- _Exercise instructions_: Produce a faithful copy of the data, one that leaves out the pictures.

- _Stored dataset items_:

_____

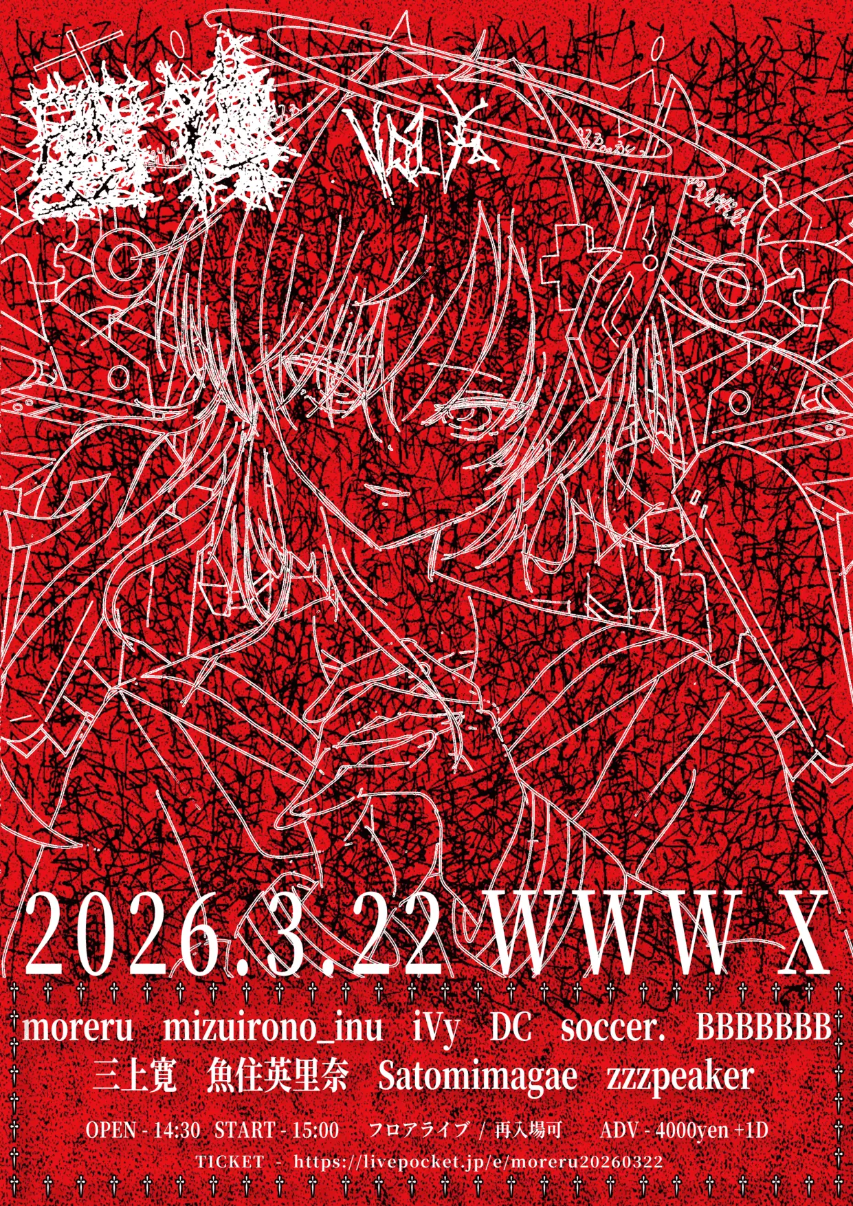 出演者 moreru / mizuirono_inu / iVy / DC / soccer. / BBBBBBB / 三上寛 / 魚住英里奈 / Satomimagae / zzzpeaker
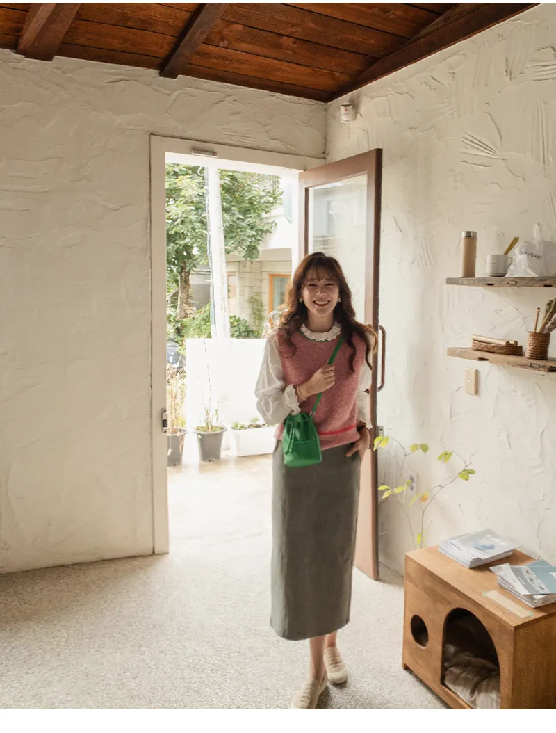 漂亮色彩舒適H型剪裁後開衩中長裙
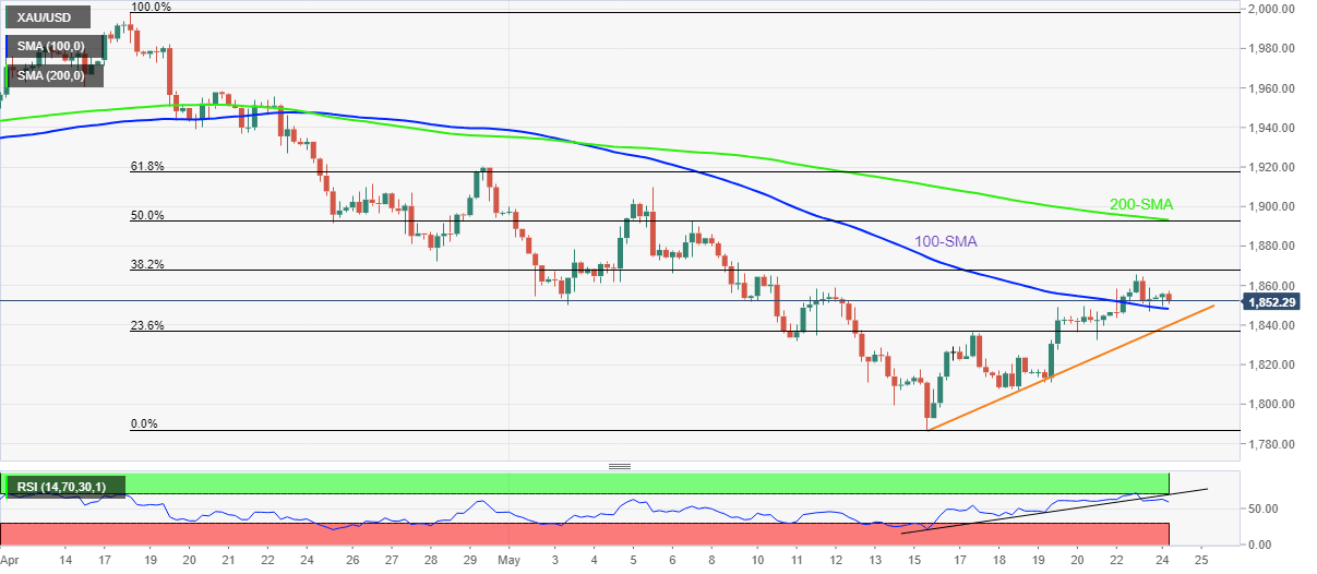 Gold (XAU/USD) prices remain pressured around the intraday low near $1,850 as sellers struggle to re-enter amid a risk-off mood during the pre-European session trading on Tuesday.
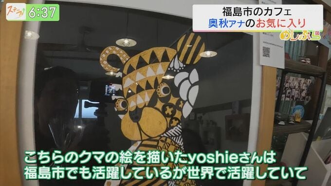 --佐藤さん「こちらのクマの絵を描いたyoshieさんは福島市でも活躍しているが、世界でも活躍していて。今はイギリス在住で時々、福島に帰ってきてうちのお店でワークショップを開いたりとかしていただいています。」
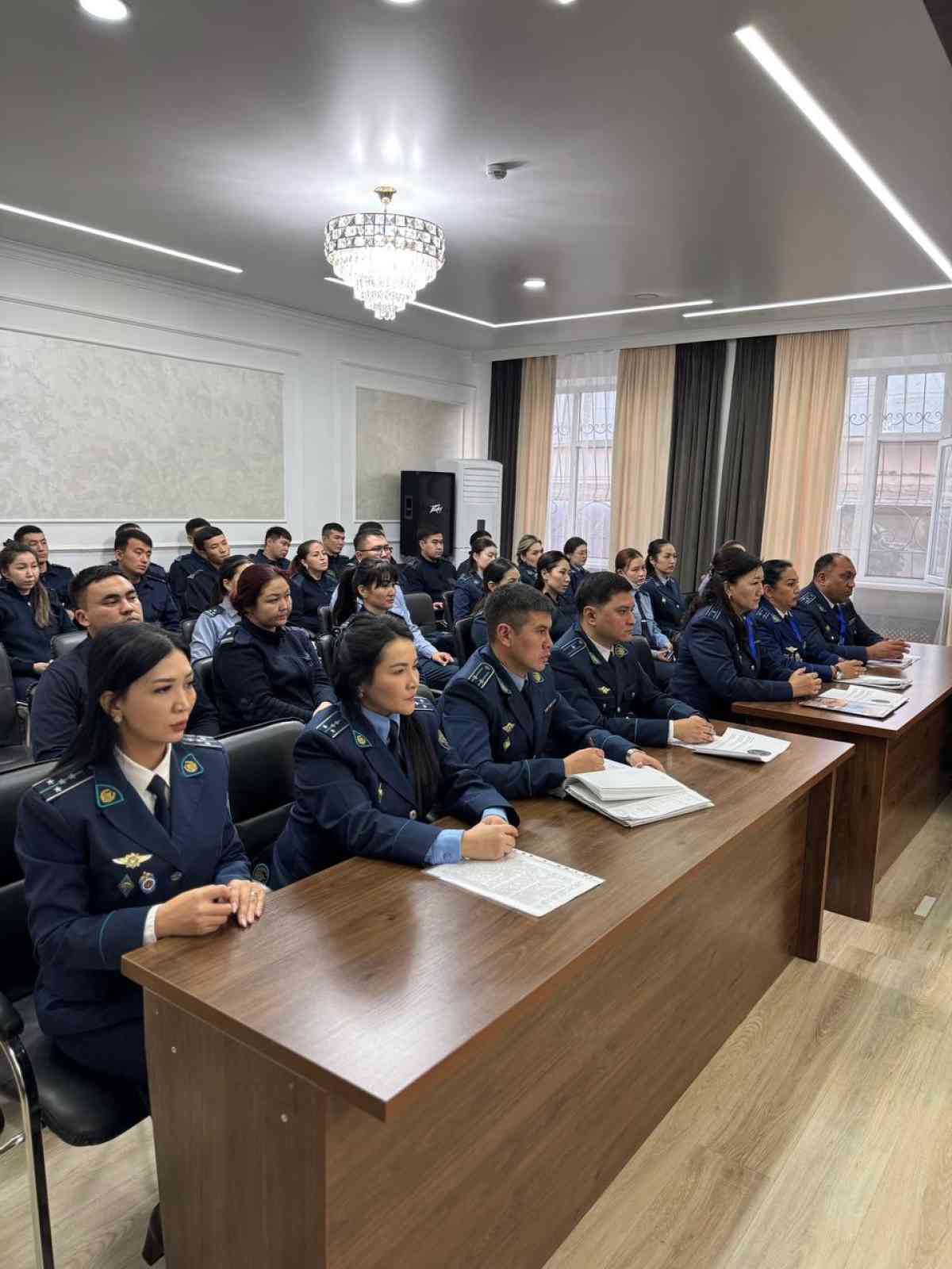 Алдымен департаменттің мәжіліс залында облыстық полиция департаментінің бастығы Қайсар Сұлтанбаев, облыс әкімдігі ақпарат және қоғамдық даму басқармасының басшысы Жанболат Нұрмолдаұлы, ардагерлер кеңесінің төрағасы Турдалы Шералин және сала қызметкерлері арасында жиын өтті.

_____

- _Solution to the exercise_:
 出演者 moreru / mizuirono_inu / iVy / DC / soccer. / BBBBBBB / 三上寛 / 魚住英里奈 / Satomimagae / zzzpeaker
 漂亮色彩舒適H型剪裁後開衩中長裙
 Gold (XAU/USD) prices remain pressured around the intraday low near $1,850 as sellers struggle to re-enter amid a risk-off mood during the pre-European session trading on Tuesday.
 --佐藤さん「こちらのクマの絵を描いたyoshieさんは福島市でも活躍しているが、世界でも活躍していて。今はイギリス在住で時々、福島に帰ってきてうちのお店でワークショップを開いたりとかしていただいています。」
 Алдымен департаменттің мәжіліс залында облыстық полиция департаментінің бастығы Қайсар Сұлтанбаев, облыс әкімдігі ақпарат және қоғамдық даму басқармасының басшысы Жанболат Нұрмолдаұлы, ардагерлер кеңесінің төрағасы Турдалы Шералин және сала қызметкерлері арасында жиын өтті.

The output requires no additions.